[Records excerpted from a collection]
_ _ _

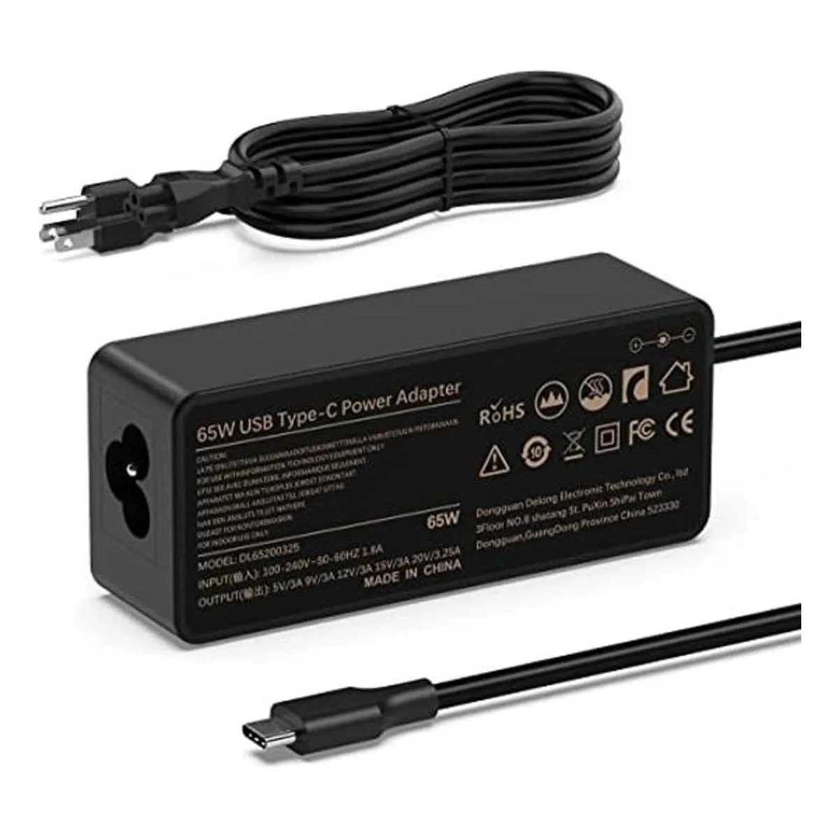 Cargador de laptop de 65 W USB tipo C adaptador de CA de repuesto para HP Chromebook 14, 13 X360 Spectre x360 Elite x2 EliteBook; Lenovo Yoga, Dell, ASUS, Acer tipo C adaptador de fuente de alimentación con cable
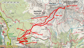 | Abstieg | ca. 1150 Hm, 2 Stunden 40 Minuten |
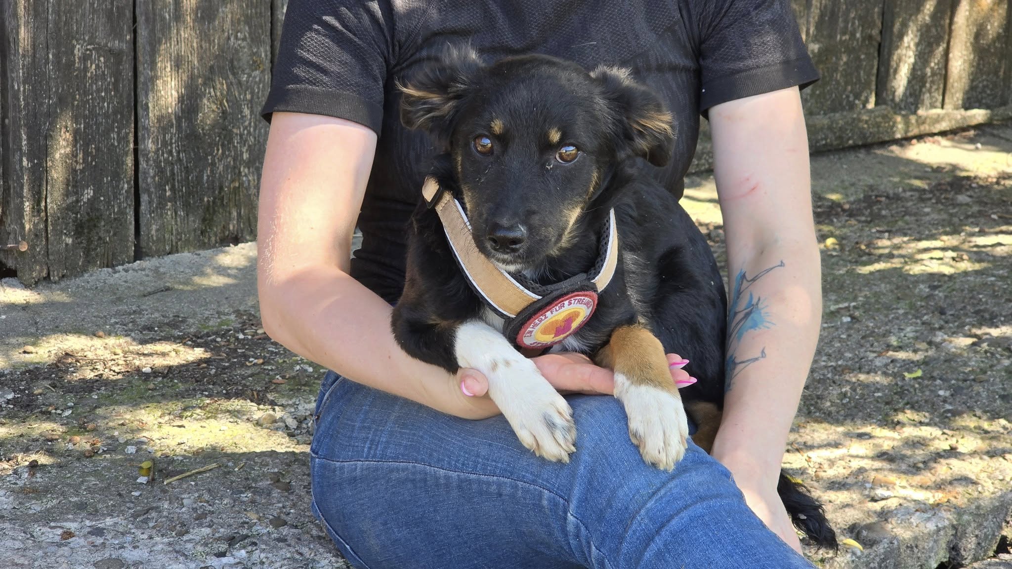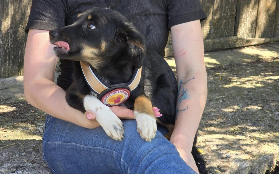 Mit ihren 4-5 Monaten ist Fidelia noch ein echter Welpe und wird voraussichtlich eine mittlere Größe erreichen. Welche Rassen in ihr stecken, lässt sich nicht sagen, denn sie ist eine waschechte „reinrassige Streunerin“. Die verspielte und freundliche Hündin ist bestens mit anderen Hunden verträglich und liebt es, Zeit mit ihnen zu verbringen. Ob sie sich auch mit Katzen versteht, wissen wir nicht.
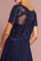 Beaded Bodice Cap Sleeve A-Line Chiffon Dress GLGL2683
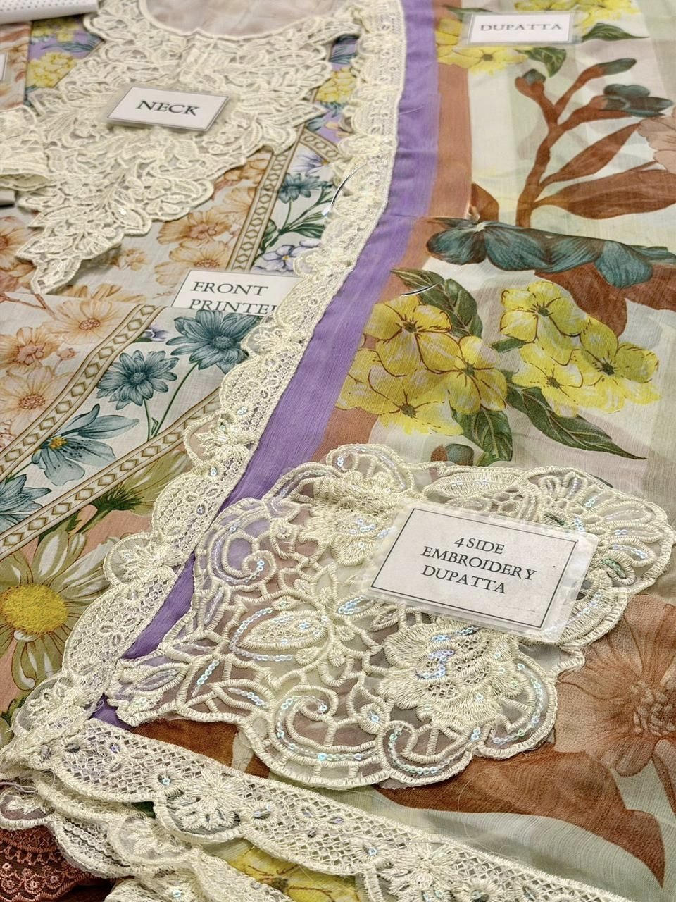 - Printed chiffon dupatta with 4 side heavy embroidered spengle work duphta boarder with 4 side heavy embroidered spengle work duphta bunches attached
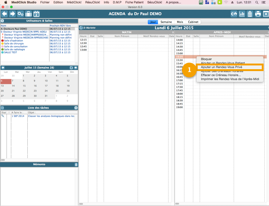 Faites un CTRL + clic (Mac) ou clic droit (PC) puis sélectionnez Ajouter un RDV privé sur le créneau horaire, pour lequel vous souhaitez saisir un RDV privé :
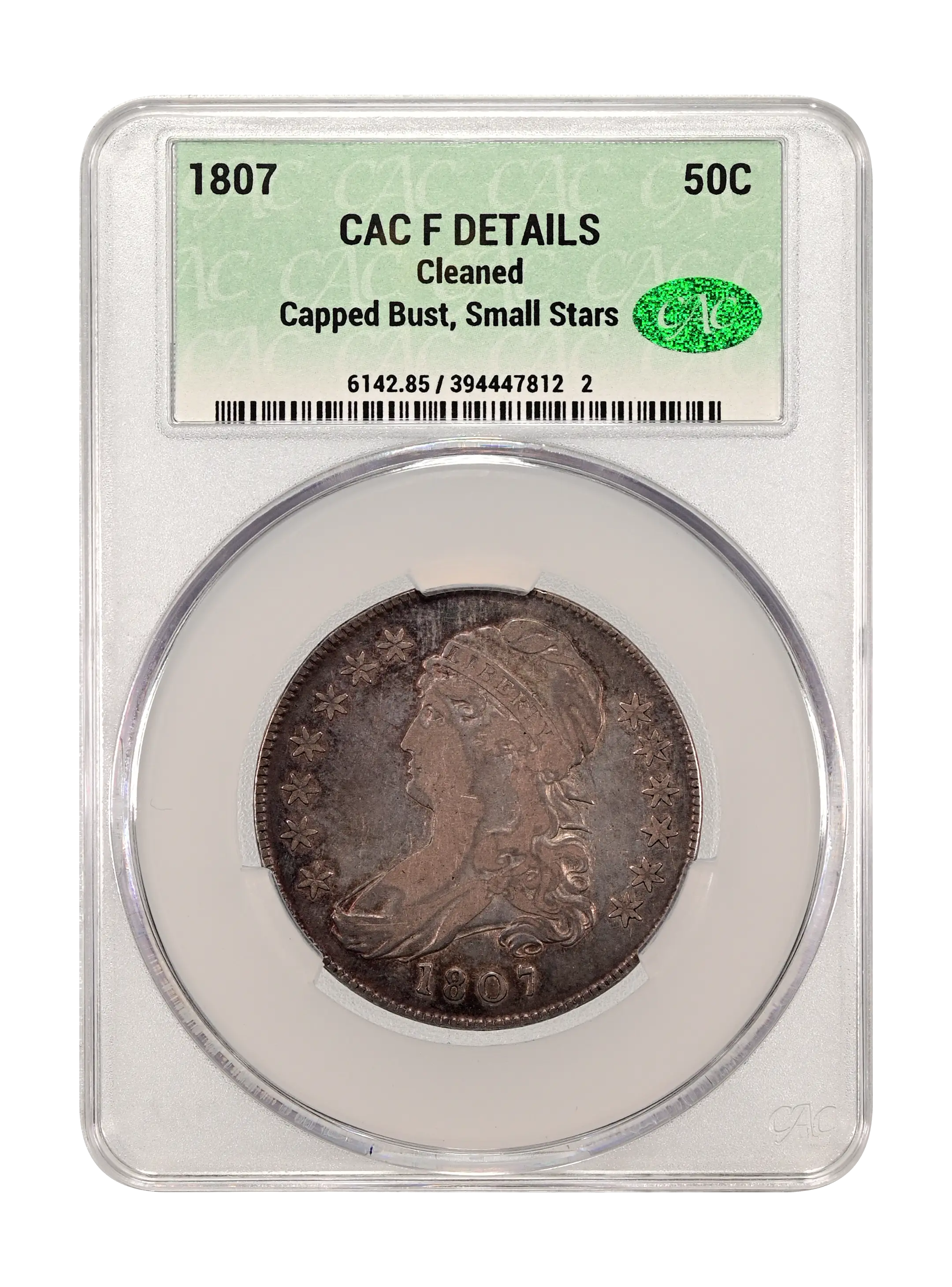 1807 Capped Bust, Small Stars 50c CAC F DETAILS

_ _ _

# [WHAT IS REQUIRED]
You are asked to reproduce each line above exactly, but to exclude the pictures.

# [RESPONSE AREA]
 Cargador de laptop de 65 W USB tipo C adaptador de CA de repuesto para HP Chromebook 14, 13 X360 Spectre x360 Elite x2 EliteBook; Lenovo Yoga, Dell, ASUS, Acer tipo C adaptador de fuente de alimentación con cable
 | Abstieg | ca. 1150 Hm, 2 Stunden 40 Minuten |
 Mit ihren 4-5 Monaten ist Fidelia noch ein echter Welpe und wird voraussichtlich eine mittlere Größe erreichen. Welche Rassen in ihr stecken, lässt sich nicht sagen, denn sie ist eine waschechte „reinrassige Streunerin“. Die verspielte und freundliche Hündin ist bestens mit anderen Hunden verträglich und liebt es, Zeit mit ihnen zu verbringen. Ob sie sich auch mit Katzen versteht, wissen wir nicht.
 Beaded Bodice Cap Sleeve A-Line Chiffon Dress GLGL2683
 - Printed chiffon dupatta with 4 side heavy embroidered spengle work duphta boarder with 4 side heavy embroidered spengle work duphta bunches attached
 Faites un CTRL + clic (Mac) ou clic droit (PC) puis sélectionnez Ajouter un RDV privé sur le créneau horaire, pour lequel vous souhaitez saisir un RDV privé :
 1807 Capped Bust, Small Stars 50c CAC F DETAILS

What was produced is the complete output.